:: Aim of the exercise ::
The answer must consist only of the lines in the records below from the line with "Motet Fail emerges" to the line with "The foreground has", both included, copied word for word with every picture left out.

:: Source records ::
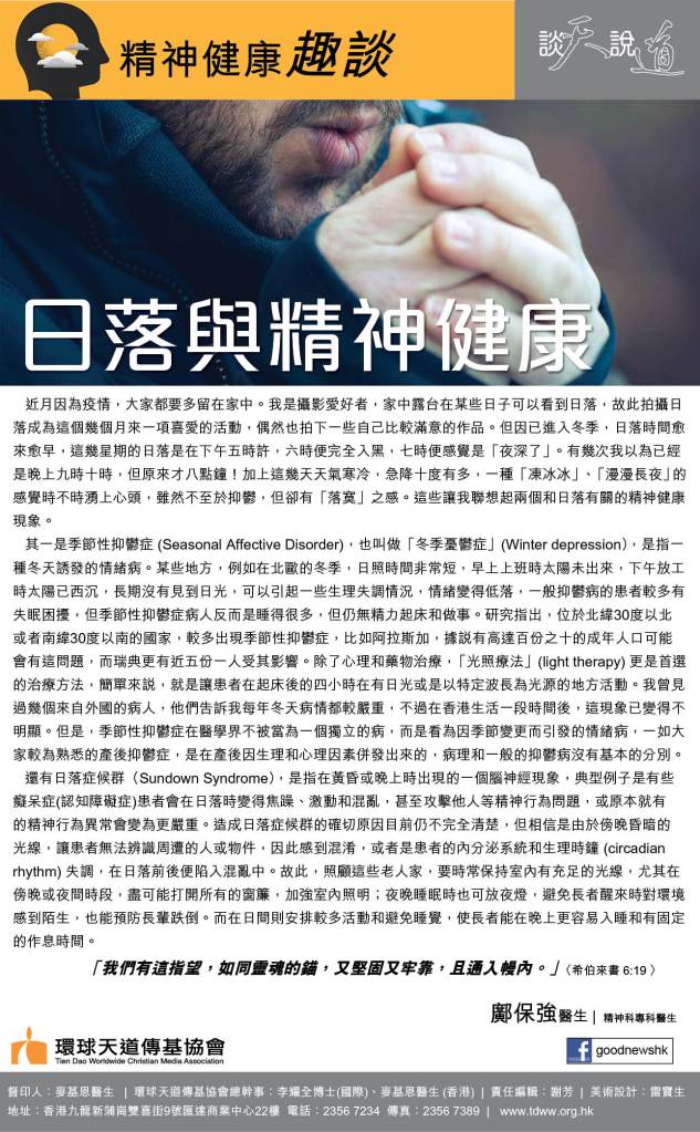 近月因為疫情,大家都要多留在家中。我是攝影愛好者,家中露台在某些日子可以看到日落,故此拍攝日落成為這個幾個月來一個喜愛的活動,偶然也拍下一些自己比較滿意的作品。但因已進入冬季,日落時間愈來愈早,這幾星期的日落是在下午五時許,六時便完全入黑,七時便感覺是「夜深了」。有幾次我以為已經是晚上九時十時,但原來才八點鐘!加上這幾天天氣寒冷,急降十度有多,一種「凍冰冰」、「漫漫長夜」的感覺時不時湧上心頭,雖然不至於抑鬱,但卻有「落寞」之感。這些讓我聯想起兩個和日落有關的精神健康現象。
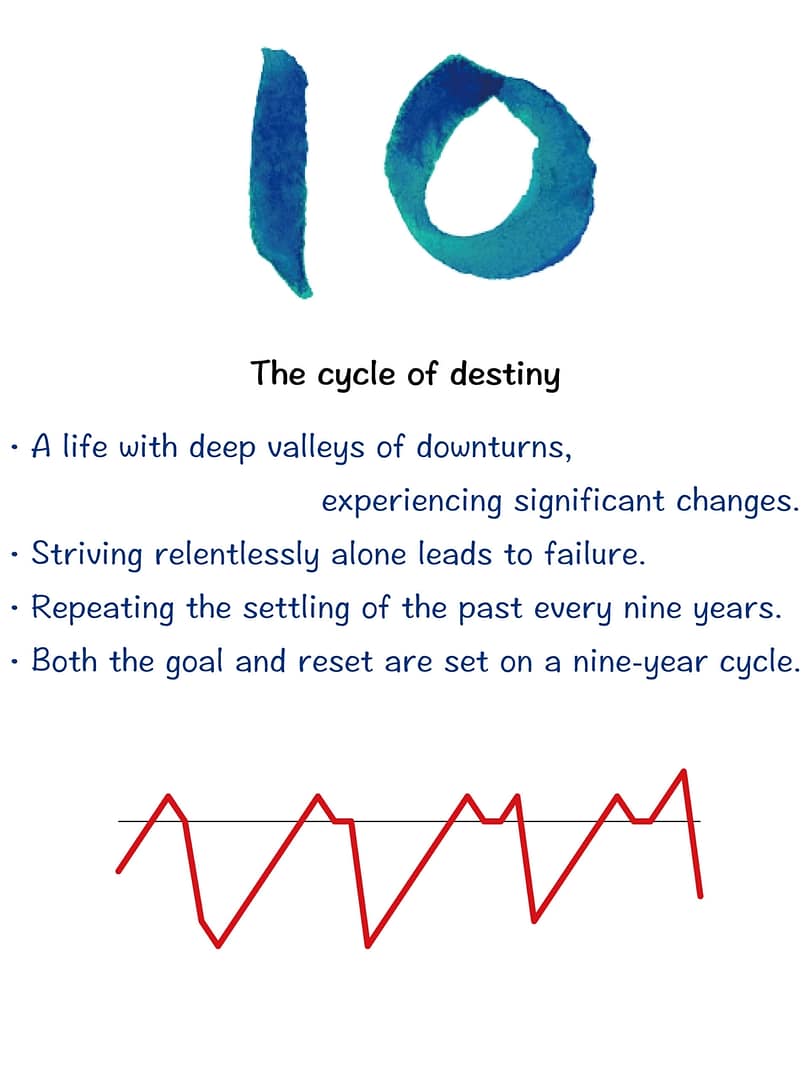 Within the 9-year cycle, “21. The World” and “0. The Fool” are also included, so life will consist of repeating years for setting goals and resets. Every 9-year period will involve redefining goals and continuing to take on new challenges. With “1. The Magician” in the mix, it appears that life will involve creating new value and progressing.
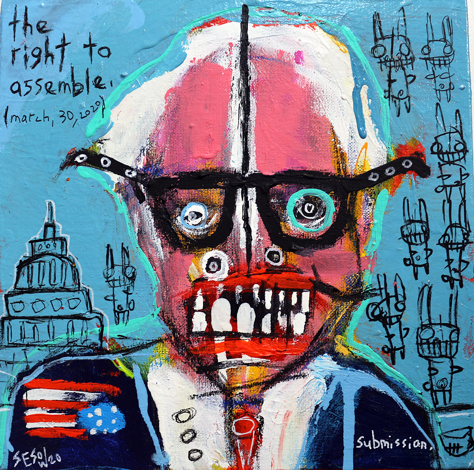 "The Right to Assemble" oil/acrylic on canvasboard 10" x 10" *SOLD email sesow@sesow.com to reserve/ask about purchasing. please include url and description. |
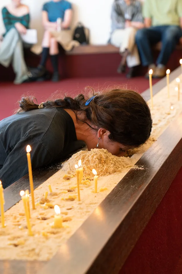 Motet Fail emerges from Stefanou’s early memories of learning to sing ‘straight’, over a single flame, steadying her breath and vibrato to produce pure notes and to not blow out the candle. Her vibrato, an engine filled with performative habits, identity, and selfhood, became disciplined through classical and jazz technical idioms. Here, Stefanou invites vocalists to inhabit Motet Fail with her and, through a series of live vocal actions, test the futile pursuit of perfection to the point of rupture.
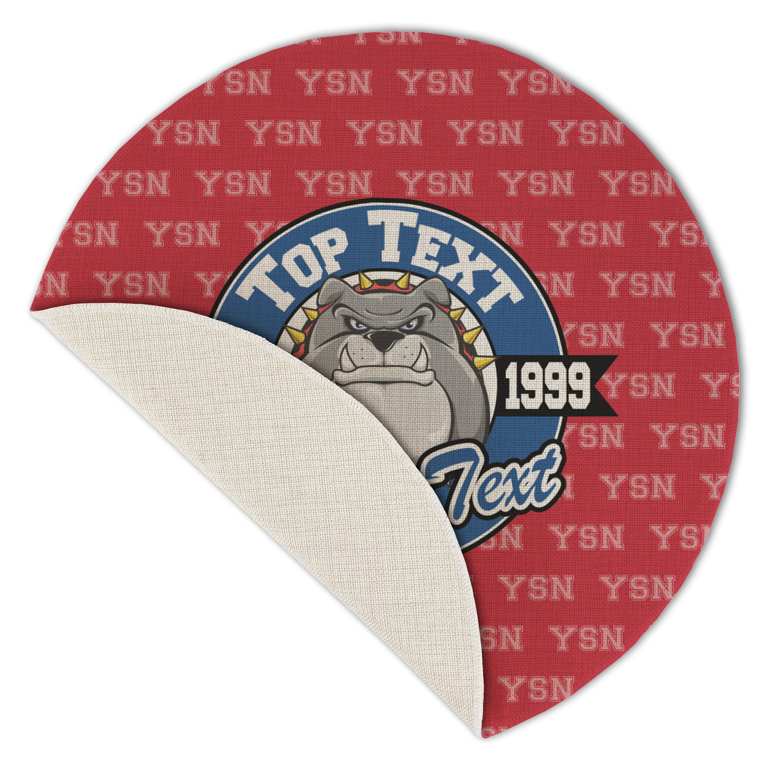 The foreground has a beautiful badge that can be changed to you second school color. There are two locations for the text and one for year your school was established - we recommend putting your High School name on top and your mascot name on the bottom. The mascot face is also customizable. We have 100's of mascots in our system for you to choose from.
* * *
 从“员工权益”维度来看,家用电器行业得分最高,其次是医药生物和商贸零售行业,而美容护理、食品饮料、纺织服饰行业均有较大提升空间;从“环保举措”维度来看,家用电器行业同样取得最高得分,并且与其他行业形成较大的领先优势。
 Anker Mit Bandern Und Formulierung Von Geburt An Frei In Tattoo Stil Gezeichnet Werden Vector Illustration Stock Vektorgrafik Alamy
==
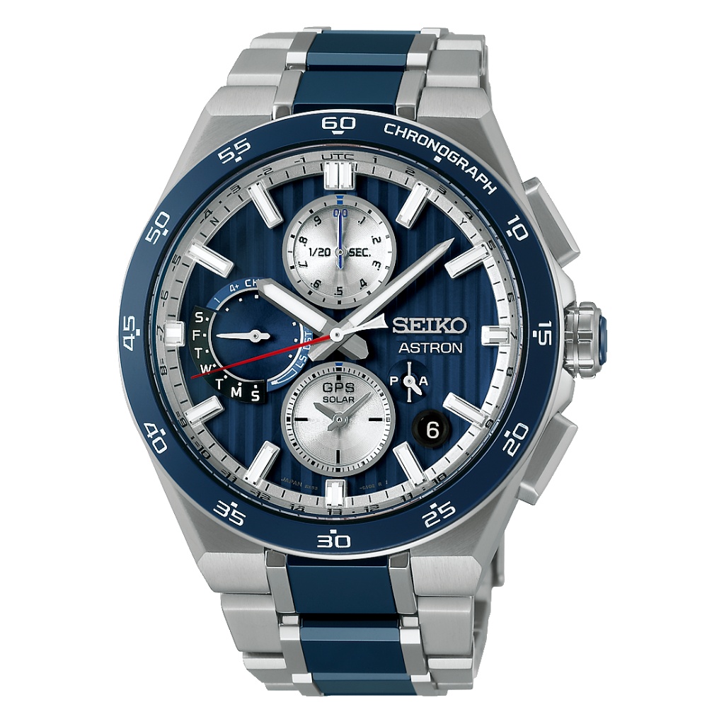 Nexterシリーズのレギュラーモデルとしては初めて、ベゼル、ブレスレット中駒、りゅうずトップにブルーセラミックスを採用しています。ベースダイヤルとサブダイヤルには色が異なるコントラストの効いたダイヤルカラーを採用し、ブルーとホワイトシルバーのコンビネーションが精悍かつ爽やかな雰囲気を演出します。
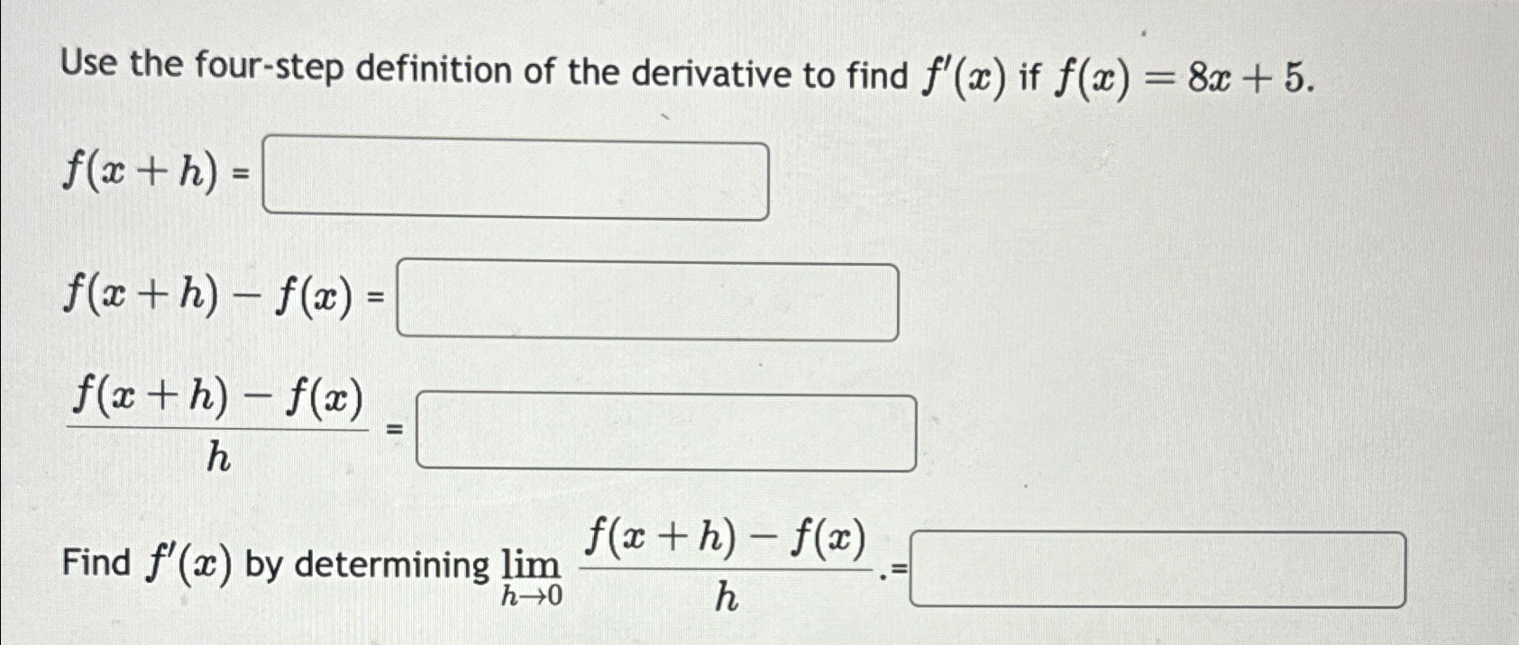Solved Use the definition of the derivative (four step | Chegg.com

:: Task answer ::
 Motet Fail emerges from Stefanou’s early memories of learning to sing ‘straight’, over a single flame, steadying her breath and vibrato to produce pure notes and to not blow out the candle. Her vibrato, an engine filled with performative habits, identity, and selfhood, became disciplined through classical and jazz technical idioms. Here, Stefanou invites vocalists to inhabit Motet Fail with her and, through a series of live vocal actions, test the futile pursuit of perfection to the point of rupture.
 The foreground has a beautiful badge that can be changed to you second school color. There are two locations for the text and one for year your school was established - we recommend putting your High School name on top and your mascot name on the bottom. The mascot face is also customizable. We have 100's of mascots in our system for you to choose from.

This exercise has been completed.